MATERIAL SUPPLIED:
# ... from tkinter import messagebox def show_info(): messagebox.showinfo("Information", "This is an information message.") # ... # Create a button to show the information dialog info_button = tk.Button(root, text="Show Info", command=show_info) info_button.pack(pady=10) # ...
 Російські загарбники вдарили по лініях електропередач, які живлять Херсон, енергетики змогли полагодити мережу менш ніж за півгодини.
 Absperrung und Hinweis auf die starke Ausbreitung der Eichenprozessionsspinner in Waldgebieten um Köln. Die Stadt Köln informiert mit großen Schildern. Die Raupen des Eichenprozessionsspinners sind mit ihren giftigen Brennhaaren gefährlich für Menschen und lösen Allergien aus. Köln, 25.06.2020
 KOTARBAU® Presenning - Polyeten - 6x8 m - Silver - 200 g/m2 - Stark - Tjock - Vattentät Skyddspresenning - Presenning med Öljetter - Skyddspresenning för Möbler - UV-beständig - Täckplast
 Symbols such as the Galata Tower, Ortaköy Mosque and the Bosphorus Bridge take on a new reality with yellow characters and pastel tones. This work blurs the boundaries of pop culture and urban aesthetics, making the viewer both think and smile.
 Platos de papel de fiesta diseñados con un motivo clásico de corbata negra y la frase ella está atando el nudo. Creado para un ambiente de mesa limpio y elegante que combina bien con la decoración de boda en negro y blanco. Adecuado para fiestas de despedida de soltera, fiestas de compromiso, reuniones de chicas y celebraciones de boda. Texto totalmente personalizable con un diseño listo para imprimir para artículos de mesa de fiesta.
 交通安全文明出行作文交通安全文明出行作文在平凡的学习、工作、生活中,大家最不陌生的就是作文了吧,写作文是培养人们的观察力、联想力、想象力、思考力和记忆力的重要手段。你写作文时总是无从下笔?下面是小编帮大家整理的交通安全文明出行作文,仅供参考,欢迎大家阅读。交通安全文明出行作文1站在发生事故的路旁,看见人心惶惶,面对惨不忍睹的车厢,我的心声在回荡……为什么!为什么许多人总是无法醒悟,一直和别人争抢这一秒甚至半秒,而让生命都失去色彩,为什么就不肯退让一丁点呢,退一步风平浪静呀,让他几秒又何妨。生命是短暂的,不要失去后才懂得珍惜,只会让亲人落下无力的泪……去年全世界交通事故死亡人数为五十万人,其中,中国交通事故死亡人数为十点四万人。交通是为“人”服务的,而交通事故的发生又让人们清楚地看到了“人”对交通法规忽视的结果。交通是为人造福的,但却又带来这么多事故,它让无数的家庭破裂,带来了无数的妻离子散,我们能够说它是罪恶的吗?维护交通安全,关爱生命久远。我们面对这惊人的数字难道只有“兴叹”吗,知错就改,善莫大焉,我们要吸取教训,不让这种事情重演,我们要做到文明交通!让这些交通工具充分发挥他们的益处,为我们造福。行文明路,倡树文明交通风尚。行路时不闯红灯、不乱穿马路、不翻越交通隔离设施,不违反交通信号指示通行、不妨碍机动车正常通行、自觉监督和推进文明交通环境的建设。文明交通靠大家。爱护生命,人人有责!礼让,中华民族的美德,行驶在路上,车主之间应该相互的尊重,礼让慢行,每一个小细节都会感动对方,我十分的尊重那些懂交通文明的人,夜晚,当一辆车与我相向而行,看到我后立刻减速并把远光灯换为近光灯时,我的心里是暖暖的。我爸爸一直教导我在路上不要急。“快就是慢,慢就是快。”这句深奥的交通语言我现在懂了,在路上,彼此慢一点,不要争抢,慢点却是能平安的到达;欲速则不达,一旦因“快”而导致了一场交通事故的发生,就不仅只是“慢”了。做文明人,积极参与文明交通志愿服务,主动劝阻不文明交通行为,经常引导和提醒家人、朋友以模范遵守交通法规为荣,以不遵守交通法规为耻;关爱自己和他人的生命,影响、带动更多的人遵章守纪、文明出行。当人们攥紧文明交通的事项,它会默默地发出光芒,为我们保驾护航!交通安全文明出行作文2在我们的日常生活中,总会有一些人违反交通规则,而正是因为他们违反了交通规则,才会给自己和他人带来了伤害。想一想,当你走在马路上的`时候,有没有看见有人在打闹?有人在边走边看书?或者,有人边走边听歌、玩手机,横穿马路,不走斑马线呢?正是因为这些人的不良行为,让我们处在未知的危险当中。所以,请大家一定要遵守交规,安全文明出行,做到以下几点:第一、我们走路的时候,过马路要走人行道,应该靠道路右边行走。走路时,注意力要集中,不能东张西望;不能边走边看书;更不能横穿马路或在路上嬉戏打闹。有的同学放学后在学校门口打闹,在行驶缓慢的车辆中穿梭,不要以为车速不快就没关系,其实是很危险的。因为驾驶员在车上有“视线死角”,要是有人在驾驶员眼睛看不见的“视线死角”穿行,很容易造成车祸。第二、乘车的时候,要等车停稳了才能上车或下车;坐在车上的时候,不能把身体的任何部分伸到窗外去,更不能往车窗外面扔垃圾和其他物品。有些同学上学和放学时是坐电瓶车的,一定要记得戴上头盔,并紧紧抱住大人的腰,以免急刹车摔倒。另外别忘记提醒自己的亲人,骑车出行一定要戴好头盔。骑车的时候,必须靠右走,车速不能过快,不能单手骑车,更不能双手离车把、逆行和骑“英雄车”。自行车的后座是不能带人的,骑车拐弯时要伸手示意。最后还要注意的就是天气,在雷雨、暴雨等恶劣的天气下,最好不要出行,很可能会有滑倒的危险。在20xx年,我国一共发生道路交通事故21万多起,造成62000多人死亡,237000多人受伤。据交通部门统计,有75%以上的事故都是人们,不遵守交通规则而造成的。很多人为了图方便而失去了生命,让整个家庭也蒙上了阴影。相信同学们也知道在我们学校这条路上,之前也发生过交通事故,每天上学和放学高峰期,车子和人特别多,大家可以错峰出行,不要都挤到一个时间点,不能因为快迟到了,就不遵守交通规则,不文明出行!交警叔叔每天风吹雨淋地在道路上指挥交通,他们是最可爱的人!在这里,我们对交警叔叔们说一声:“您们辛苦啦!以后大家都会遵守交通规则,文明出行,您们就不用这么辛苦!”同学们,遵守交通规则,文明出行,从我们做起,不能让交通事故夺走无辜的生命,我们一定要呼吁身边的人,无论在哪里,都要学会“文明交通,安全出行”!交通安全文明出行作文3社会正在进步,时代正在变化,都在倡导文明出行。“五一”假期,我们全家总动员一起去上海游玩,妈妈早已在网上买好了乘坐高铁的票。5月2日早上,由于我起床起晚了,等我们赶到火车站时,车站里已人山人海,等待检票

ACTION ITEM:
Your job is to return all lines above that hold the word "This".

RESPONSE BELOW:
# ... from tkinter import messagebox def show_info(): messagebox.showinfo("Information", "This is an information message.") # ... # Create a button to show the information dialog info_button = tk.Button(root, text="Show Info", command=show_info) info_button.pack(pady=10) # ...
 Symbols such as the Galata Tower, Ortaköy Mosque and the Bosphorus Bridge take on a new reality with yellow characters and pastel tones. This work blurs the boundaries of pop culture and urban aesthetics, making the viewer both think and smile.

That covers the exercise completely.